= Timothy Danielson =

Timothy Danielson (1733–1791) was the third son of John and Margaret (Mughill) Danielson. He graduated from Yale in 1756. He was a teacher, merchant, soldier, and public official from Massachusetts. During the American Revolution, he served in the Massachusetts Provincial Congress and in 1775, was commissioned colonel of a regiment of the Continental Army.

When the Lexington Alarm was raised in April 1775, he "assembled a regiment of eight companies" consisting of many men from Hampshire County. During this time, his Lt Colonel was William Shepard; the Surgeon was David Shepard. Later, Danielson was chosen Brigadier General for Hampshire County in 1776 and served in New York under General Washington. He was raised to Major General in 1781.
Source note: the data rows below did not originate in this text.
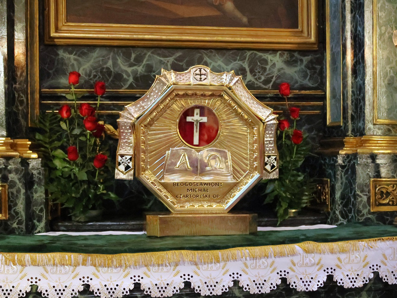 Przygotowany na tę uroczystość relikwiarz ma kształt ośmioboku oplecionego stułą. W środku znajduje się alabastrowy krzyż wykonany własnoręcznie przez bł. Michała Czartoryskiego.
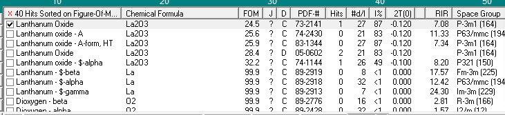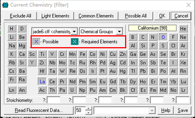 已知图例是氧化镧的XRD图谱结果,可以进一步精确检索范围。在“Use Chemistry Filter”前画上对勾,进入“元素周期表”对话框。根据对话框中的提示进行元素框选。
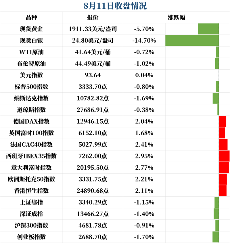 8月11日,沪深两市冲高回落,截至收盘,沪指跌1.15%,深证成指跌1.4%,创业板指跌1.7%。盘面上,种业、水产品、生态农业等板块逆市上涨;军工股表现活跃,中船科技等多股涨停。黄金、信息安全、仿制药、有色、券商等板块跌幅均超2.5%。
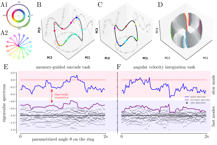 We also trained RNNs to perform tasks that require continous memory and found approximate ring attractors. Due to the noise injected to the internal state, and the stochastic gradient descent training, the solutions exhibit normal hyperbolicity (panel E below). Therefore, the RNNs can be shown to be near to the mathematically perfect continuous attractor.
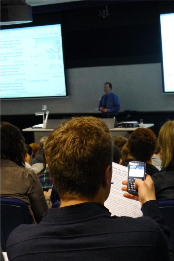 We conducted a trial of using mobile phone voting in three lectures in the undergraduate law course Principles of Public Law (enrolment 460, 2nd semester, 2011). VotApedia (a free mobile phone voting system) was employed for each of three lectures throughout the semester: this allowed an iterative and developmental approach to the implementation and avoided the selection bias and contingencies that would occur with a single implementation. It was decided to introduce three lectures using VotApedia in order to moderate the perception of ‘dumbing down’ or the reduction of content coverage that is so common in the use of such systems and to ensure that student expectations regarding lecture format were still being met (D’Inverno, Davis, and White 2003).
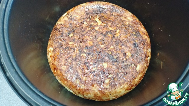 Смазав чашу, выкладываем картофельное тесто в чашу и выравниваем — Режим «Выпечка» (t-150C) 60 минут.
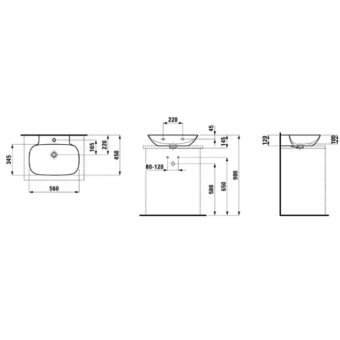 Laufen Ino Раковина 56х45хh12 см, без отв., под смеситель, цвет: белый 8.1630.2.000.109.1
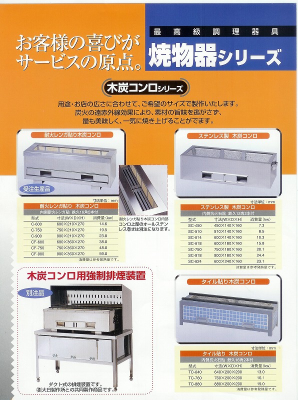 | 日本製炭焼コンロ | 炭焼コンロ | 炭焼コンロサイズ表 | 炭焼コンロ価格表 | |
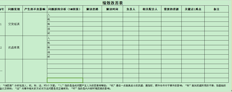 (5)考核结果的运用。考核结果的运用,是根据制度来的,是整个绩效管理实施的一个环节。在进行绩效改善的时候,应该有一张有关绩效改善的表格,如表3-5所示。在绩效管理的过程中发现问题的时候,都可以通过表3-3来进行分析,将分析结果作为工作的一个指导。通过绩效改善表,让公司的管理者和被考评对象明白,绩效改善的目的就是为了提升。绩效改善表,是企业在进行绩效管理过程中一个必备的工具。
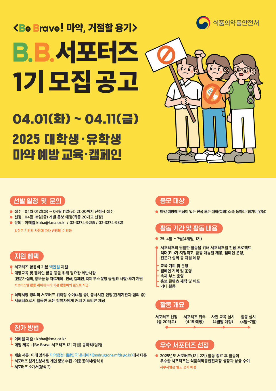 식품의약품안전처, 마약 예방활동 동아리 ‘Be Brave 서포터즈’ 모집

From 1779 to 1789, he served as a member of the Massachusetts Constitutional Convention and was a member of the Massachusetts General Court. Danielson was elected a Fellow of the American Academy of Arts and Sciences in 1781.

According to tradition, he "possessed a Herculean frame, united with Herculean strength."

==Sources==
- Gardner, MD Frank A. (1909) "Colonel Timothy Danielson's Regiment". Massachusetts Magazine, Vol. II, No. 2, Pg. 72.